Puebla, Mexico, Apr 6 (EFE).- Dozens of Central Americans, primarily from Honduras, started arriving in this central Mexican city as part of a migrant caravan that will end its journey in Mexico City on April 9.
“They aren’t criminals, they are undocumented migrants who are looking for better opportunities,” Rev. Gustavo Rodriguez Zarate, the parish priest of Our Lady of the Assumption Church, told EFE, which is where the migrants will be staying during their three-day stopover in Puebla.
The caravan, made up of close to 1,100 migrants from Guatemala, Honduras and El Salvador, is headed to Mexico City, where many will end their journey while some will keep traveling north in search of the “American dream.”

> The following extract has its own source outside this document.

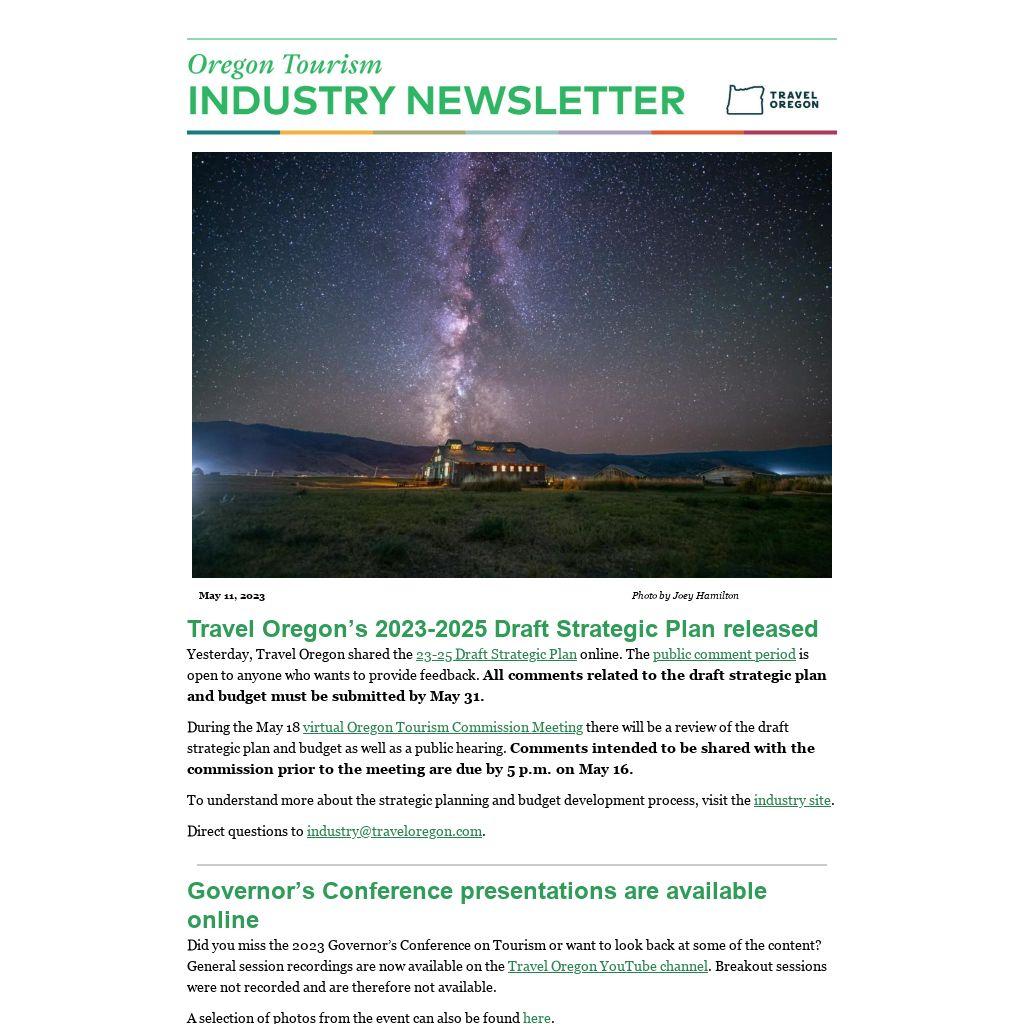 Governor’s Conference presentations are available onlineDid you miss the 2023 Governor’s Conference on Tourism or want to look back at some of the content? General session recordings are now available on the Travel Oregon YouTube channel. Breakout sessions were not recorded and are therefore not available.

The original plan had called for the whole group to travel all the way to the US border, but organizers abandoned that idea amid President Donald Trump’s heated rhetoric about the caravan.
The priest said that the migrants’ goal is to request asylum in Mexico or in the United States, as is their right according to international law.
With this in mind, Mexican and US lawyers were set to meet with the migrants to answer any questions and to explain how to apply for asylum in these two countries, Gina Garibo, director of the Pueblos sin Fronteras (Peoples Without Borders) association, said.
Rodriguez Zarate explained that the most important issue at the moment was to help the migrants feel comfortable and to give them food, shelter and information during their stay in Puebla.
“The main thing is to welcome them, to make them feel human after being mistreated and abused, and for them to have a space where they are recognized as fellow human beings and where food and workshops can be provided,” he said.